The Pilgrims: Book One (The Pendulum Trilogy)
Page 19
Only from back where Loup stood did Eric see the network of cracks and neat cleaves vaguely forming a squarish head. Two holes set wide apart made its eyes; its mouth was a jagged tilted slit above a bulging grey chin. If the rest of its body were below, it had merged with the cliff. ‘Wake up, you ugly fat thing!’ Loup called. ‘Got a job for you! Wake up! Eric, throw stones at him. Big ones.’
Eric picked up some loose rocks and underarmed them at the rock-man.
‘Hey now, don’t hit its face!’ said Loup. ‘Aim lower down. Slow to anger, these are. But make it too mad and we’ll have problems. Hey you! Wake up!’
There was a grinding sound. The mouth-line shifted sideways, grains of crushed stone falling like sand from either corner. ‘Good! It’s awake,’ said Loup. ‘Now. Here. Your scales. Where are they?’
Eric handed him all four. ‘What’ve you got in mind?’
‘You’ll see. This golem’s going to help us out.’
Anfen’s voice carried over to them: ‘Hurry up, you two.’
‘Almost done!’ Loup yelled back. ‘Eh, him and his rules. You, golem! I got a job for you. But I don’t think you’re strong enough for it.’ The mouth sawed sideways again, grinding more powdered rock. ‘Ohh he’s cranky now!’ whispered Loup. ‘You gotta insult em, make em want to prove emselves. You, golem! I got a job if you prove your strength! Which you won’t. Weakling! Weak as my mother’s pudding, rest her heart. Seen mud puddles stronger’n you. What reward d’you seek? Eh? Speak up!’

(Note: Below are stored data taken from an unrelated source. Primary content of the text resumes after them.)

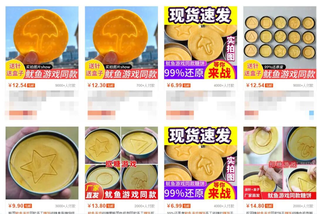 不仅如此,《鱿鱼游戏》在周边商品销售上取得的巨大成功,同样不容忽视。尤其是在中国市场,即便这部剧没有得到引进,但依然带火了众多周边商品的销量,比如剧中标志性的椪糖。这些打着《鱿鱼游戏》旗号的商品,显然是没有获得官方授权的,但依然可以在市场上流通。在利益的纠缠下,销售这些小商品的商家,客观上成为抬高《鱿鱼游戏》热度的帮手。至于因此产生的二度创作,就更是数之不尽了。这也就能解释,为何优酷会做出碰瓷《鱿鱼游戏》的掉价行为了。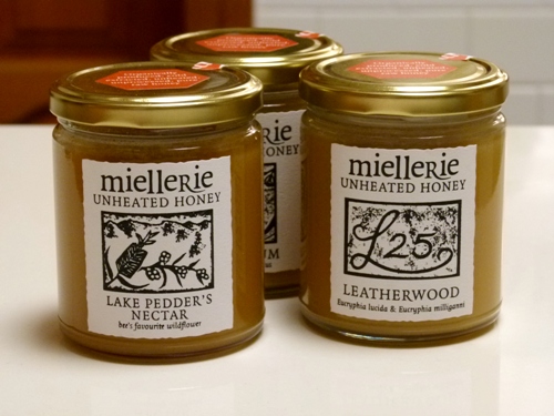 …is a collection of Miellerie Honey from Tasmania. Gorgeous Roz from Taste Travel gifted me a jar of the Lake Pedder honey, and I’ve been hooked ever since…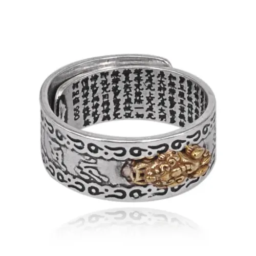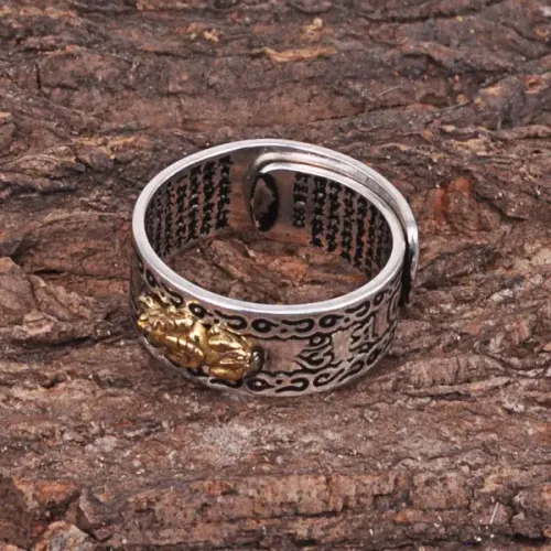 Безразмерное кольцо Пи Щу с монетой и мантрами — аксессуар из металла с покрытием под серебро и золото.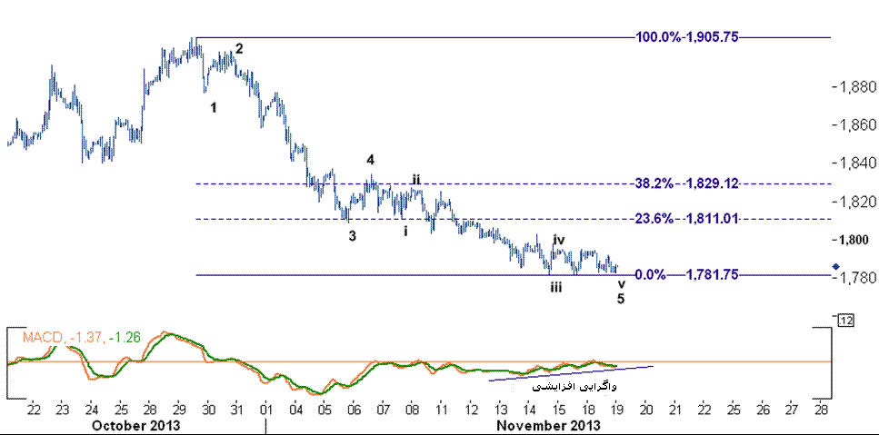 این در حالی است که کاهش قیمت به سطح ۱۷۸۰ موجب استمرار این چرخه از امواج الیوت ویو به سوی سطح ۱۷۷۰ می شود. واگرایی افزایشی بوجود آمده در اندیکاتور یک ساعته MACD بیانگر آن است که حرکت نزولی مقداری برگشت خواهد کرد و بررسی سطوح فیبوناچی از این چرخه هدفی در حدود ۱۸۱۱ را نشان می دهد که تنها در صورت شکست سطح مقاومت ۱۷۹۸ دلار/تن محقق خواهد شد.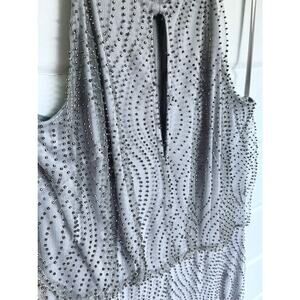 NWT KLEINFELD Storm Gray Beaded Evening Gown with Halter Top with Empire Waist Dress Size 8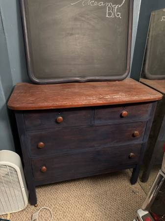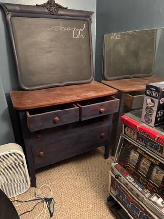 Clean and nice looking refurbished dresser with castor wheels. Solid wood with chalk board mirror. $150 cash only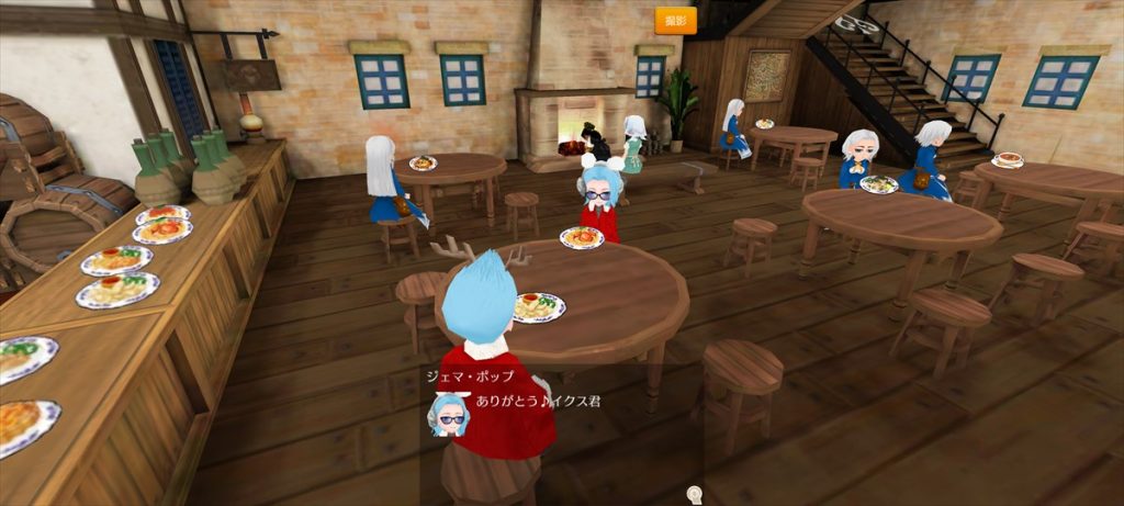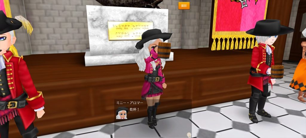 お馴染みの乾杯に命の次に大事な報酬にカメラ目線に。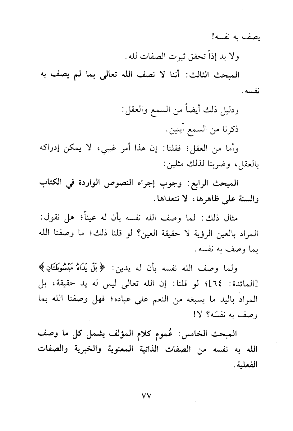 ولما وصف الله نفسه بأن له يدين: {بَلْ يَدَاهُ مَبْسُوطَتَانِ} [المائدة: 64]، لو قلنا: إن الله تعالى ليس له يد حقيقة، بل المراد باليد ما يسبغه من النعم على عباده، فهل وصفنا الله بما وصف به نفسه؟ لا!

The jaw jerked around again with a spray of ground rock. Eric heard and understood: ‘Sleep,’ its voice like gravel scattering across the ground.
‘What’d he say?’ said Loup.
‘He said sleep.’
‘Aha! Wants to be left alone!’ To the golem, ‘Well, you can help us out first, then we’re gone. You don’t help us, we stay here all day, pestering you. Show us your palm, you fatso. Go on!’
A ripple of cracks wormed up the rock wall, outlining a slab of stone with a round fist at its end. The fist uncurled, the palm open, its fingers fat rectangles of stone. Loup ran forwards, placed Eric’s black scale on its palm, then said, ‘Go! Crush that up, you weakling! Show us what you’re made of.’
‘My scale!’
‘Oh aye, she’s a rare one,’ said Loup with a grin.
Eric darted to retrieve the scale but the golem made a fist. There was a loud cracking noise, then a sound like glass being slowly crunched by a boot. The golem’s eye holes peered out expressionlessly.
Loup pulled a soft leather pouch from his pocket and held it to collect the black powder running through the golem’s fingers. ‘Get it all,’ he said urgently. ‘There, a few grains dropped down. Get em! Quickly.’
The golem’s palm opened. Loup dusted the dark powder from it. ‘Sleep,’ the golem repeated. Its arm still stuck out from the cliff face.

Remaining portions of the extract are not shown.